I was de-cluttering so I threw out all my Dusty Springfield memorabilia. Now ‘I just don’t know what to do with my shelf’ !.
My ex wife claimed to be Monkees biggest fan. At first I didn’t believe her ‘’And then I saw her face’
Prince took an airline company to court over missing luggage. He lost his case.
I used to be obsessed with Phil Collins songs but ‘Take a look at me now’!!
I had my photo taken with the group REM. ‘’That’s me in the corner’’!
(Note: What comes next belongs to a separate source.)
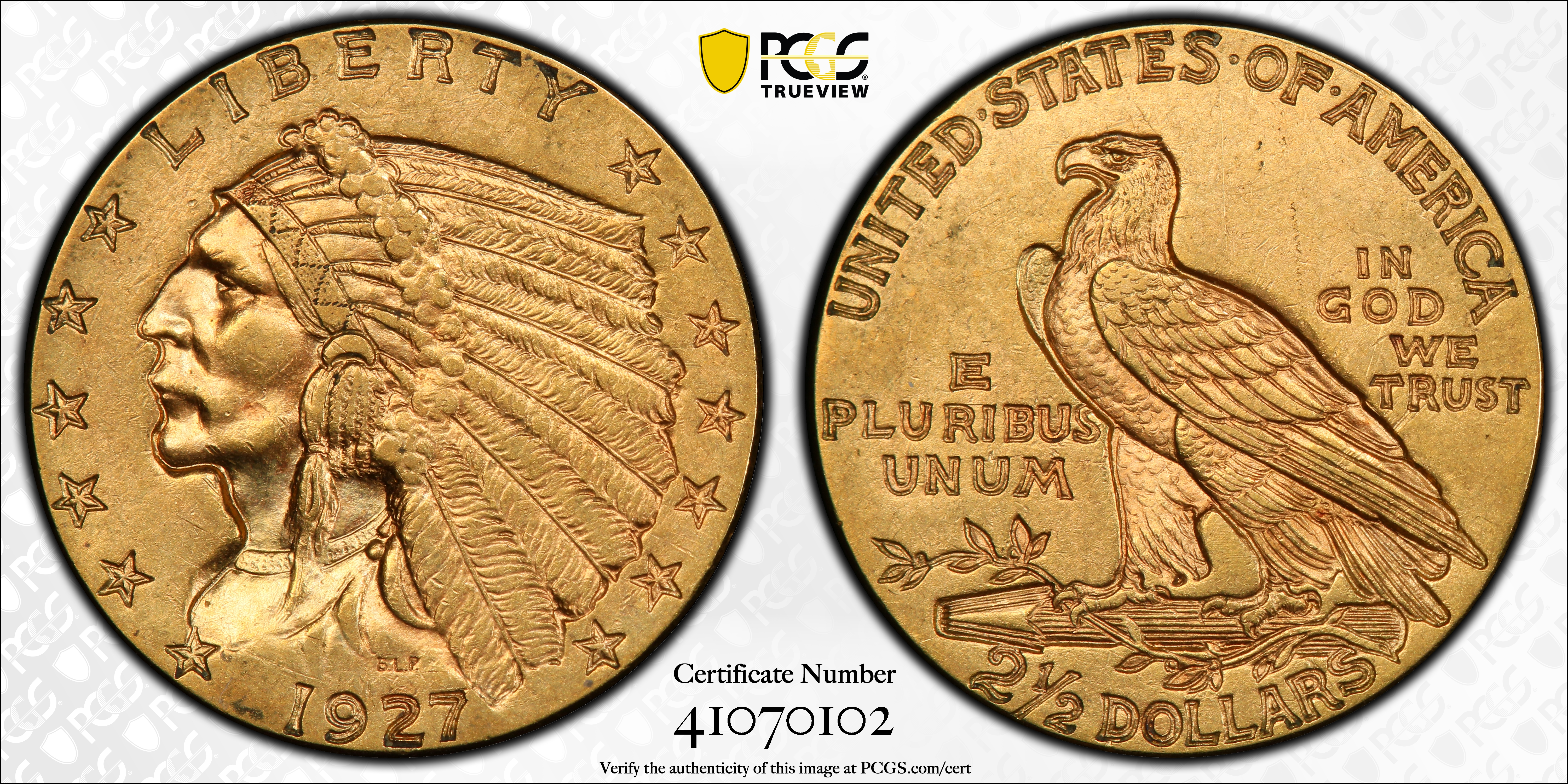 The 1927 is similar in overall rarity to the 1926 and can be obtained without much difficulty in MS-65 or lower condition. Gem quality specimens are available from time to time but certainly cannot be found in any great quantity. As with all the Pratt $2.5 and $5 issues, there is a dramatic drop-off in availability above MS-65 condition, and, for all practical purposes, superb quality examples, although they certainly do exist, are virtually unobtainable.Like the 1926 and the other late Philadelphia Mint issues, the 1927 is usually very well struck with very good lustre and color. The color is similar to the 1926; that is, specimens range from light rose gold to a richer greenish gold. Along with the 1926, this issue is generally the most attractive of the series in high grade.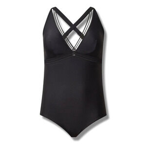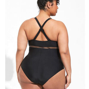 New Torrid Plus Size 6 Black Mesh Trim Busty Padded One Piece Wireless Swimsuit

I thought I heard two onions singing a Bee-Gees song in my fridge. When I opened the door I realised it was the chives talking.
The Doctor told me I have Tom Jones Syndrome. I asked him ‘’Is it rare’’? He replied ‘’It’s not unusual’’!
I used to think I loved Joni Mitchell but it turns out ‘’I really don’t know love at all’’
I tried to stop my ex going to the Englebert Humperdinck concert but she said ‘’Please release me, let me go’’.
I bought a U2 Sat Nav but it’s useless…. ‘The streets have no name’ and ‘I still haven’t found what I’m looking for’
No-one wants to listen to ‘Whitesnake with me ‘’So here I go again on my own’’
Elton John has bought a treadmill for his pet rabbit. ‘’It’s a little fit bunny’’.
My friend Joe went on the ‘Dolly Parton’ diet. It made Joe lean, Joe lean, Joe lean, Joe lean.
I just received a confirmation text that I have won £200 or tickets for an Elvis tribute night…….. it said to press ‘’One for the money, two for the show’’
Joined a Carpenters study group last week. Not done anything yet ‘’We’ve only just begun’’.